Wednesday, December 31, 2003

Given all the things I've said...

...how in the heck can I support Howard Dean if he's the Democratic nominee? That question was posed in the comments to an earlier post, and my answer was pretty much boiler-plate ABB. After all, I'm a Democrat, and I've come around after some pretty bloody primary battles in years past. If you think I'm tough on Dean, you should have heard some of the things I said about Bill Clinton, and kept saying until I cast my vote for Jerry Brown on the floor of the '92 Democratic National Convention.

I came around, though.
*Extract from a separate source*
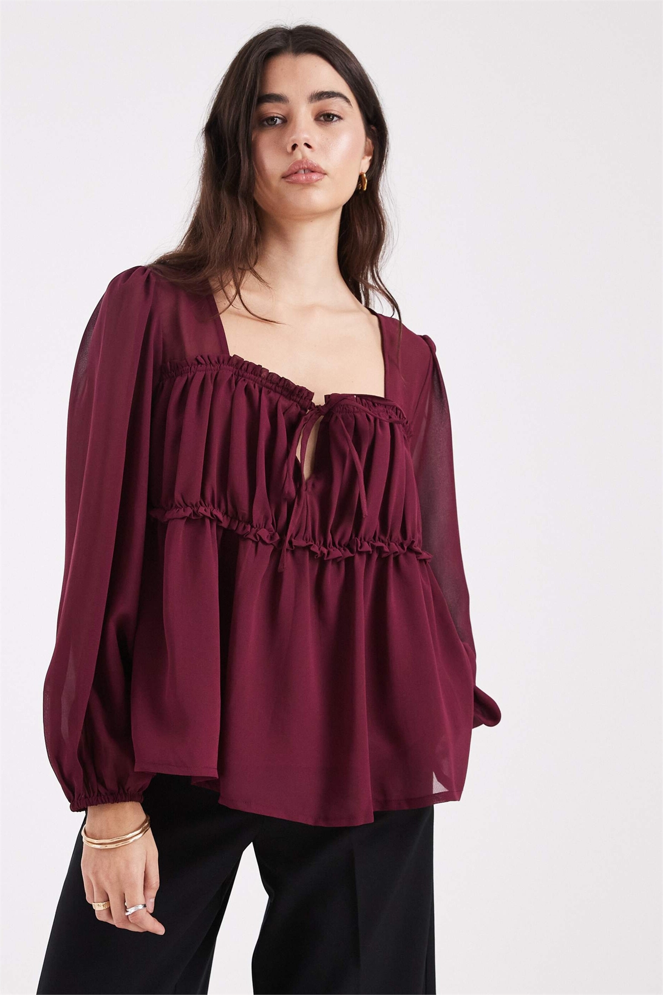 Блузка с прозрачной кокеткой и рюшами

Of course, it was made easier by the Clinton campaign, who actually sent National Campaign Manager David Wilhelm (now a Kerry endorser) out to the Washington State Democratic Convention to meet with representatives of the contending campaigns and assure us there was room under the Clinton tent when the time came.
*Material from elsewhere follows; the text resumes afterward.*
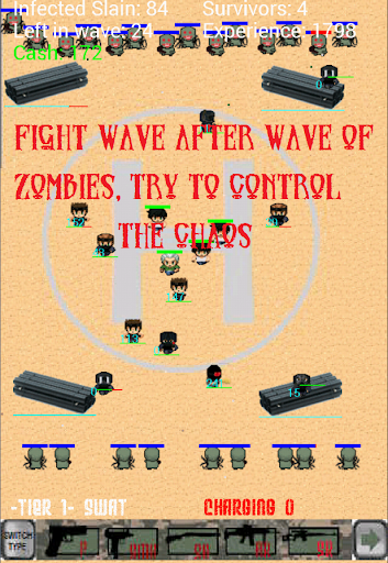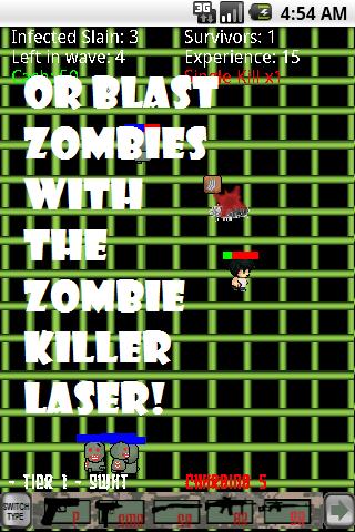 You are the operator of a laser defense system (recently nicknamed the "Zombie Killer"), the first line of defense that was set up in the event of a zombie outbreak. Your goal is to contain the outbreak while coordinating soldiers and survivors for evacuation. Lead the survivors of this outbreak to safety and do not let the Zombie outbreak get out of hand! Take command of allied forces in this Zombie Tower Defense / Real Time Strategy (RTS) game.

Howard Dean has taken a somewhat different tack, seeming to push people into various categories of enemy, whether it's calling Democratic Congresspersons cockroaches, tagging the DLC as the Republican wing of the Party or generally dismissing anyone who defers from his personal vision as Bush-lite.
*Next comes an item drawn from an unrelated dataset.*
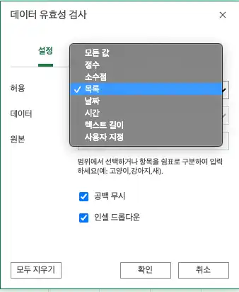 엑셀 콤보박스로 사용자 선택값을 보여주고, 유효성 검사까지
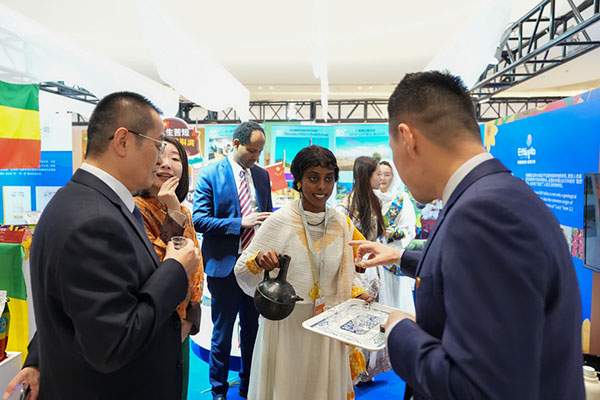 2月4日,在“共享大市场·出口中国”2026年首场活动暨北京国际精品荟的进口商品推介区,参观者在品尝展出的埃塞俄比亚咖啡。

Will Saletan observes the Dean approach in Slate, and offers a noteworthy comment.

"Each time an opponent counterattacks, Dean's campaign exhorts his followers to send the opponent a message by sending Dean money. "It's a polite way of saying where you can take it," Dean explained Friday. But after a while, telling people where they can take it becomes a problem. The list of constituencies to whom you've given the finger grows. "Them" starts to outnumber "us." "

And there, increasingly, is my problem. When it comes to Democratic politics, I like to think of myself as part of "us." More and more, though, Dean and the Deaners I encounter are making me feel like some kind of "them." And if I, a hard line Yellow Dog Democrat, feel that way, how many folks have we already lost?